Петруша тоже часто видел в сне чего-нибудь получше — полетать… Взлетишь, сначала быстро-быстро мчишься, в ушах свистит, внизу она метлой с крыльца ворон метет, а ты все дальше, выше. Выше звезды, холодно и страшно… и как в колодец снова вниз, как если папа в море прыгнет со скалы, а мама рот ладошкой заслонит и скажет — «мама…»
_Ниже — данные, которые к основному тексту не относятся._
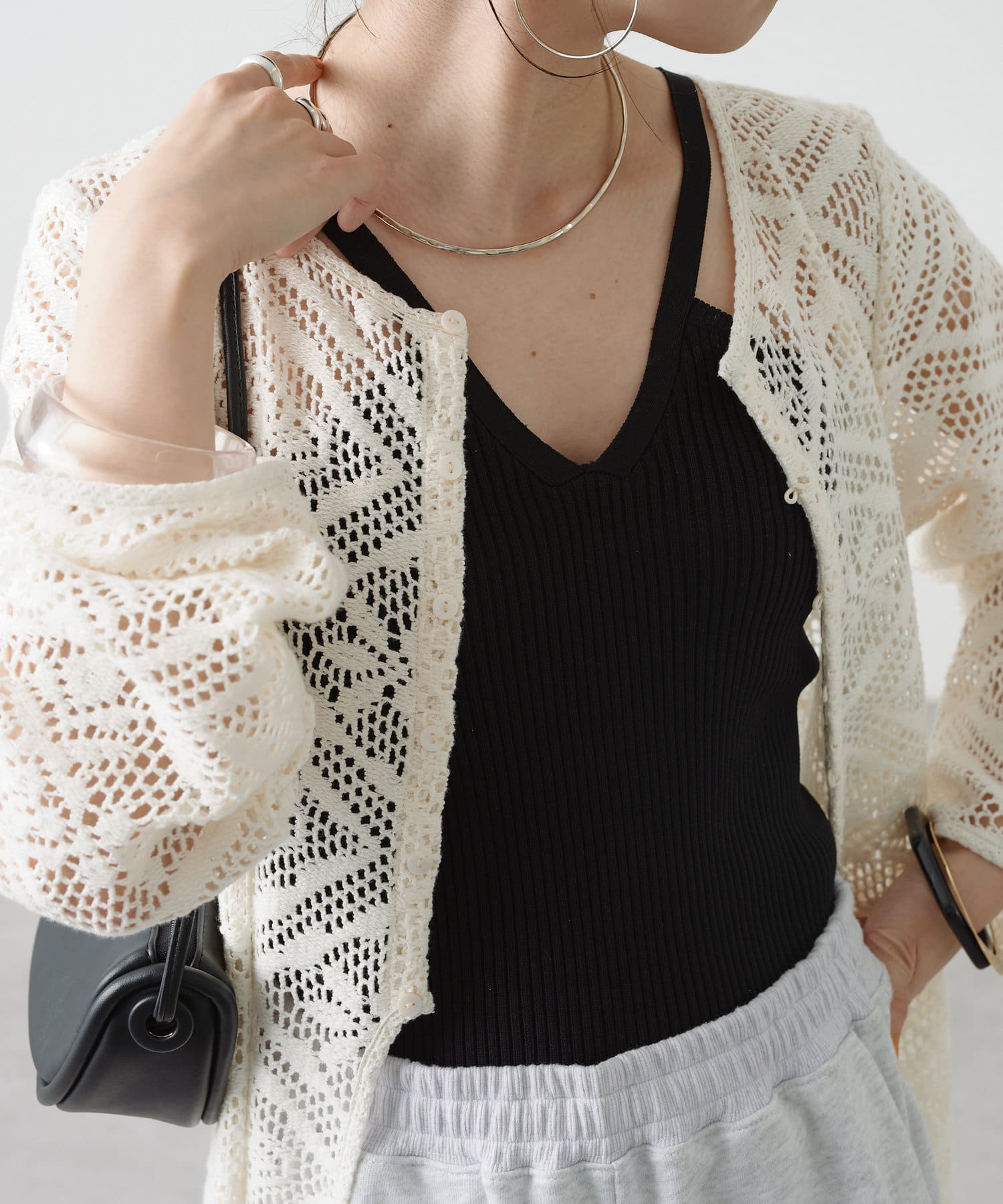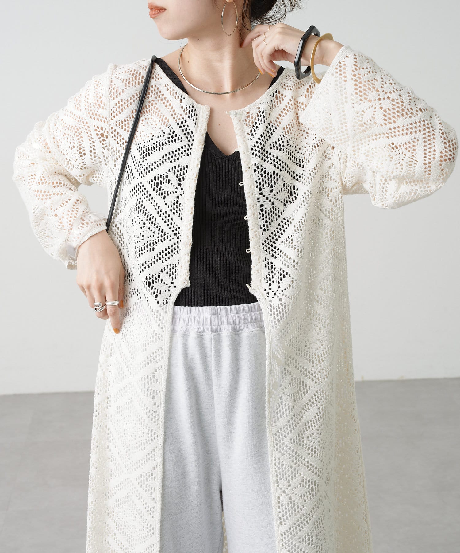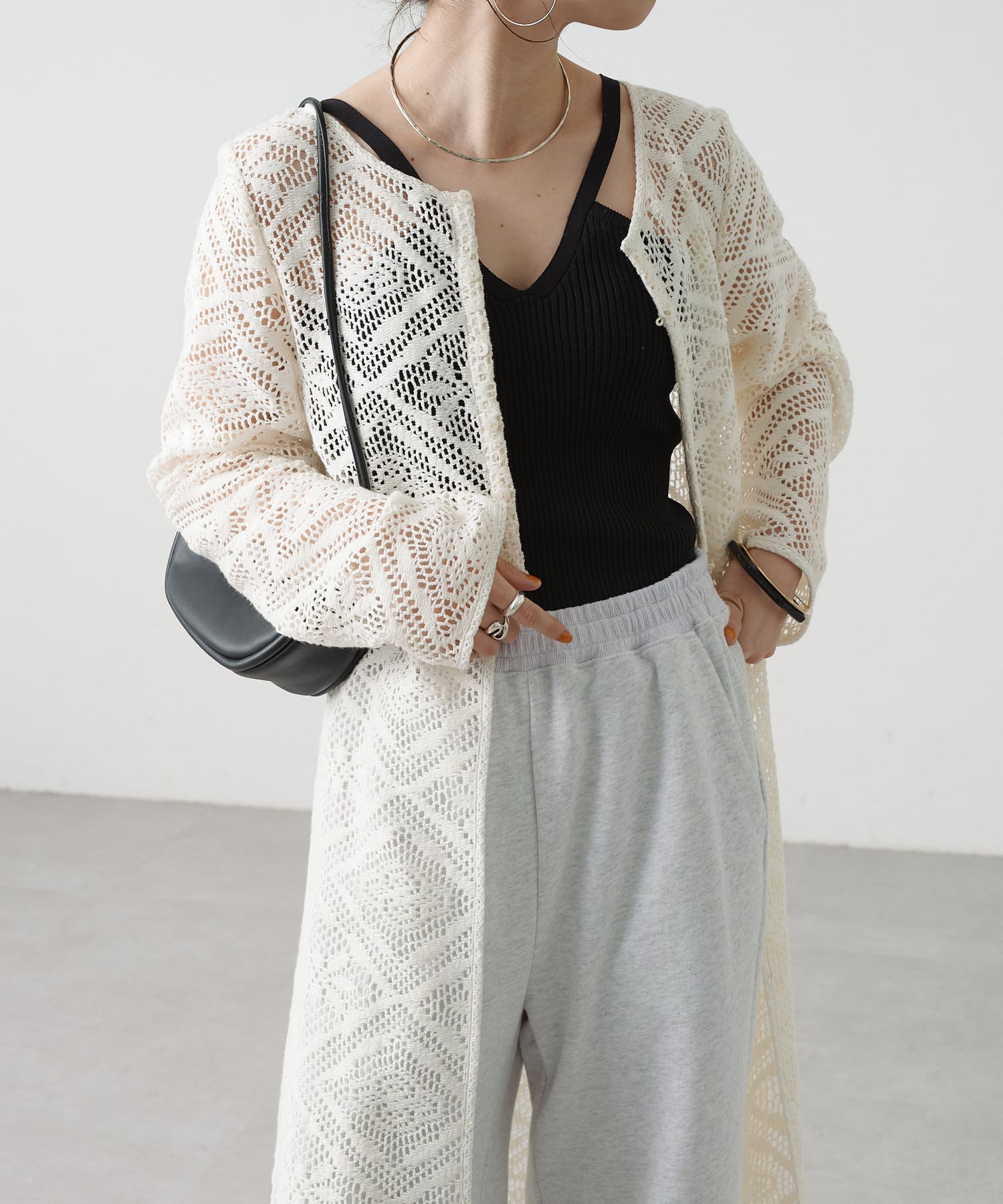 ・レースのヘルシーなシアー感がスタイリングのポイントに。

Внизу, когда пройдешь сквозь горизонт заката, на сонном солнечном огне качаясь поплывешь, руками розовые волны разводя на много мыслей и без них, прозрачный, как в горячий полдень блики на воде, а папа выйдет из воды, до берега доплыв, и спросит:

— Что, герои приуныли?

А мама скажет:

— Ваня… больше никогда.

Опять потянешься мысочками от пола, потом два тапка на пол — бряк! Под потолком проверишь, что за коробки на шкафу: ботинки новые, еще одни, конфеты «Вишня в коньяке», хурма в газете, новогодние игрушки, на люстре между прочим пыль. И утром скажешь маме, что у нас на люстре в коридоре сверху пыль, а папа спросит:

— Ты откуда знаешь?

А ты — что видел ты, когда летал.

Притащит папа синюю стремянку, мама тряпку даст, и правда подтвердится: пыли много, и правда подтвердится — ты летал.
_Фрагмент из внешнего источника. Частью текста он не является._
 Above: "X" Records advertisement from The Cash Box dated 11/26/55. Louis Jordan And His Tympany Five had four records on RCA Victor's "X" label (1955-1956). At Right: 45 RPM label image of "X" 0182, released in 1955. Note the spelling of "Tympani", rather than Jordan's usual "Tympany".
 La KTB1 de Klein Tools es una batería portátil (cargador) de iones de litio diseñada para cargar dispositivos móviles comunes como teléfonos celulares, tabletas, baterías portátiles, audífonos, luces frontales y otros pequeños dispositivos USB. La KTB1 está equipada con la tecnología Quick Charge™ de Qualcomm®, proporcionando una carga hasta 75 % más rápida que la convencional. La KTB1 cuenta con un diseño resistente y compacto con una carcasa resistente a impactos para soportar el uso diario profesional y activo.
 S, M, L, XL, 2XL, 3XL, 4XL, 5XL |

Сквозь сон, через забывчивую вечность, за стенкой кухонных часов знакомый ход, туман привычных звуков, голосов, прохлада движущихся теней облаков по синим полочкам буфетным, вот-вот и чайник закипит, а кофе мамин убежит. Он в вечности всегда так убегает, «пока посуду папа мыл».

В ней вечно все, что попадет в нее, и сколько хочешь снова расплывается луна на зыбкую дорожку, мешая пристани морской и звезд огни. Что, брат, рискнешь?.. И ты рискуешь в ней зайти рука в руке в чудовище морское, и папа держит в темноте бездонной под живот, опять, опять, и не отпустит никогда, какой бы глубины не глубина, какой бы вечности не вечность. А мама с полотенцем ждет. И будет ждать тебя всегда.
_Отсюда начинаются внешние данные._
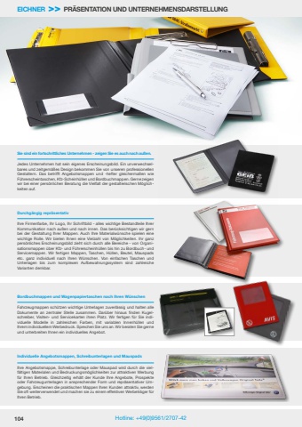 104 Hotline: +49(0)9561/2707-42EICHNER >> PR%u00c4SENTATION UND UNTERNEHMENSDARSTELLUNGFahrzeugmappen sch%u00fctzen wichtige Unterlagen zuverl%u00e4ssig und halten alle Dokumente an zentraler Stelle zusammen. Dar%u00fcber hinaus finden Kugelschreiber, Visiten- und Servicekarten ihren Platz. Wir fertigen f%u00fcr Sie individuelle Modelle in zahlreichen Farben, mit variablen Innenh%u00fcllen und Ihrem individuellem Werbedruck. Sprechen Sie uns an. Wir beraten Sie gerne und unterbreiten Ihnen ein individuelles Angebot.Bordbuchmappen und Wagenpapiertaschen nach Ihren W%u00fcnschenSie sind ein fortschrittliches Unternehmen - zeigen Sie es auch nach au%u00dfen.Durchg%u00e4ngig repr%u00e4sentativJedes Unternehmen hat sein eigenes Erscheinungsbild. Ein unverwechselbares und zeitgem%u00e4%u00dfes Design bekommen Sie von unseren professionellen Gestaltern. Das betrifft Angebotsmappen und -hefter gleicherma%u00dfen wie F%u00fchrerscheintaschen, Kfz-Scheinh%u00fcllen und Bordbuchmappen. Gerne zeigen wir bei einer pers%u00f6nlichen Beratung die Vielfalt der gestalterischen M%u00f6glichkeiten auf.Ihre Firmenfarbe, Ihr Logo, Ihr Schriftbild - alles wichtige Bestandteile Ihrer Kommunikation nach au%u00dfen und nach innen. Das ber%u00fccksichtigen wir gern bei der Gestaltung Ihrer Mappen. Auch Ihre Materialw%u00fcnsche spielen eine wichtige Rolle. Wir bieten Ihnen eine Vielzahl von M%u00f6glichkeiten. Ihr ganz pers%u00f6nliches Erscheinungsbild zieht sich durch alle Bereiche - von Organisationsmappen %u00fcber Kfz- und F%u00fchrerscheinh%u00fcllen bis hin zu Bordbuch- und Servicemappen. Wir fertigen Mappen, Taschen, H%u00fcllen, Beutel, Mauspads etc. ganz individuell nach Ihren W%u00fcnschen. Von einfachen Taschen und Unterlagen bis zum komplexen Aufbewahrungssystem sind zahlreiche Varianten denkbar.Ihre Angebotsmappe, Schreibunterlage oder Mauspad wird durch die vielf%u00e4ltigen Materialen und Bedruckungsm%u00f6glichkeiten zur attraktiven Werbung f%u00fcr Ihren Betrieb. Gleichzeitig erh%u00e4lt der Kunde Ihre Angebote, Prospekte oder Fahrzeugunterlagen in ansprechender Form und repr%u00e4sentativer Umgebung. Erscheinen die praktischen Mappen Ihren Kunden attraktiv, werden Sie oft weiterverwendet und machen sie zu einem effektiven Werbetr%u00e4ger f%u00fcr Ihren Betrieb.Individuelle Angebotsmappen, Schreibunterlagen und Mauspads
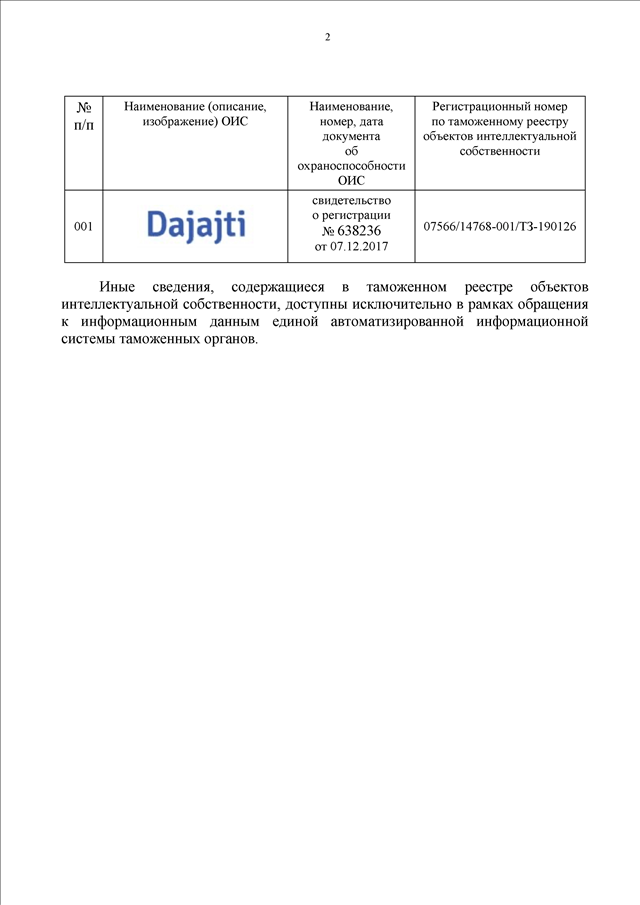 "О ТОВАРНОМ ЗНАКЕ "DAJAJTI" (РЕГ. N 638236)"
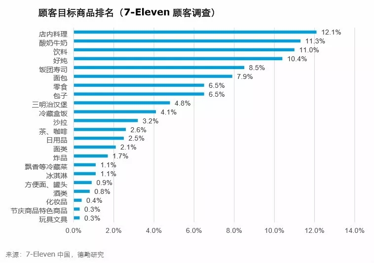 同时,7-Eleven一份对于中国消费者购物行为的调查显示,店内料理是消费者首要的目标商品,占比在12.1%,高于饭团寿司(8.5%)、包子(6.5%)、三明治汉堡(4.8%)、冷餐盒饭(4.1%)等其他鲜食品类。

Они приходят через сны в те дни апреля, в те синие на саночках деньки, в тех шариках на елке новогодней всегда двоится отраженье их. Еще остался запах утренней зимы в перчатках папы, в кармане мелочь, «Правда» на столе, вечерний день и край ковра, который как-то умудрился здесь и там, снежинки за окном, а нос расплющивает снег. Стеклом проходит свет, проходит тень тепло и холод, а за закрытыми глазами мама в комнату войдет когда, ее подкараулить и глаза открыть. Попробовать еще. Еще. Еще. Еще…

— А любять-то друг дружка, ты хляди… Милуются-то, осподипрости, везде любов, лягушка на лягушке, срам смотреть… Петруша?

— А?

— Что клюв раскрыл? Роса не капнеть… Иди вон коврик шлангом-то полей, весь коврик изосрали твари, всю петрушку дряни, паразитки, чтоб вас… Петька! Что сказала!..

— Что?

— Да разворонишь счастье, что. Оно-то вон пошло… — она кивала на малинный ряд, где между листьев вдоль нейтральной мелькал на Сашке Василевских сарафан.

— Пошла, царева-лебядь, он ты… Петруша? Коврик-то полил?

— Полил.

— Иди уж, тоже с ими покупайся, жарко… Люба-а!

— Ай?

— Возьмешь купаться-то сиротку мояго?

И он бежал за полотенцем с кругом, боясь, что передумает она или покойник дел наделает, успеет, не по тропинке добегал от лавочки к калитке дальней, а сразу же нырял в малинные кусты и пробежав нейтральной полосой, недосягаемый, невидимый с крыльца, топтался за углом теть Любиного дома, пока они оканчивали на купанье сбор.

В канале отражалось небо. Петруша замирал внутри еще в Анапе купленного папой круга, качаясь на летающих волнах промчавшихся ракет; со свистом ласточки чертили небо, выхватывая серебристых рыбок из воды, чертили в небе самолеты белые мосты, и Сашка, подплывая к кругу, руками разводила их следы в воде.

С купания встречала всполошенным криком из гнезда ворона, кружа над головой, гоня.

Она на крик с веранды выходила, распаренная жаром кухонным, крича:

— Есей! Пришла беда!

— У-у, баба… — радовался дед.

Петруша хмуро вешал круг на яблоневый сук и полотенце мокрое туда же.

— Жаних, трусенки-то прописькал — сполощи, жанилково застудишь…

И деревянный с страха, что услышит Сашка, думал: дура! — и в горнице переодевал в сухие мокрые трусы.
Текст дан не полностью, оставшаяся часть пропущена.